11. The method of claim 9, wherein the threshold value is a configurable setting of the PLL lock detector.

12. The method of claim 9, further comprising:

truncating each phase error from the phase comparator prior to adding each phase error to the sum.

13. The method of claim 9, further comprising:

comparing the sum to the threshold value.

14. The method of claim 13, further comprising:

truncating the sum prior to said comparing the sum to the threshold value.

15. The method of claim 9, wherein said determining the sum comprises:

adding a quantity of phase errors from the phase comparator, wherein the quantity of phase errors to add is a configurable setting of the PLL lock detector.

16. The method of claim 9, further comprising:

outputting a lock status signal having one of two states, the two states associated with indicating that the PLL circuit is phase locked or unlocked, the lock status based, at least in part, on whether the sum is below the threshold value.

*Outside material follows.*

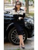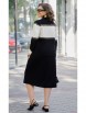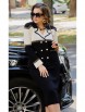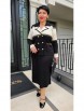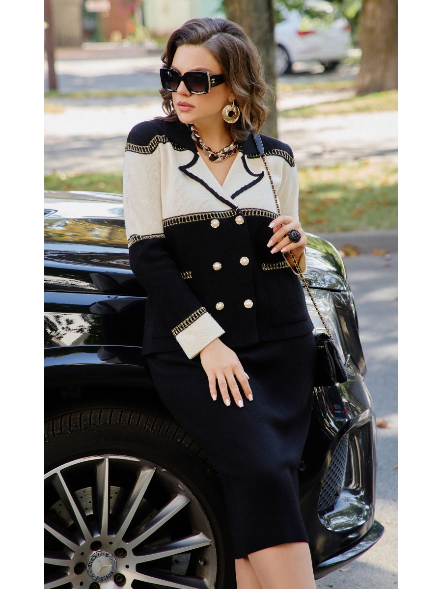 Жакет прямого силуэта, в благородном сочетаний черного и молочного оттенков, с двубортной застёжкой на петли пуговицы, воротник отложной с фигурными лацканами и накладными карманами по переду. Спинка без особенностей. Рукав втачной, длинный. В качестве дополнительной декоративной отделки жакета-вышивка золотой маталлизированной нитью.

17. The method of claim 9, further comprising:

detecting an overflow condition indicative that the sum is beyond a capacity of an accumulator; and

determining that the PLL circuit is not phase locked based, at least in part, on the overflow condition.

18. An electronic device comprising:

a digital phase locked loop (PLL) circuit that determines a phase error signal in association with a control portion of the PLL circuit; and

a PLL lock detector configured to observe the phase error signal and output a lock status signal based, at least in part, on an accumulation of a plurality of phase error signal values.

19. The electronic device of claim 18, wherein the PLL lock detector is configured to output the lock status signal based, at least in part, on the plurality of phase error signal values indicating phase errors between a reference signal and a feedback signal.

20. The electronic device of claim 18, wherein the accumulation of the plurality of phase error signal values is compared with a configurable threshold value to determine the lock status signal.

21. An apparatus comprising:

a digital phase locked loop (PLL) circuit; and

means for detecting a lock status of the PLL circuit based, at least in part, on an accumulation of phase error values from a phase comparator of the PLL circuit.

22. The apparatus of claim 21, further comprising:

a means for periodically determining phase errors between a reference signal and a feedback signal of the PLL circuit; and

wherein the means for detecting the lock status includes means for determining a sum of the phase errors, and means for determining whether the PLL circuit is locked in phase with the reference signal based, at least in part, on whether the sum of the phase errors is below a threshold value.

23. The apparatus of claim 22, wherein the means for detecting the lock status includes:

a means for receiving the phase errors from the phase comparator and means to abridge the phase errors prior to determining the sum of the phase errors.

24. The apparatus of claim 22, wherein the means for detecting the lock status includes:

a means for reducing a bit length of the sum of the phase errors to determining whether the PLL circuit is locked in phase, wherein the means for determining whether the PLL circuit is locked in phase is configured to compare the truncated phase error sum with the threshold value to determine whether the PLL circuit is locked in phase with the reference signal.

25. The apparatus of claim 22, wherein the threshold value is configurable.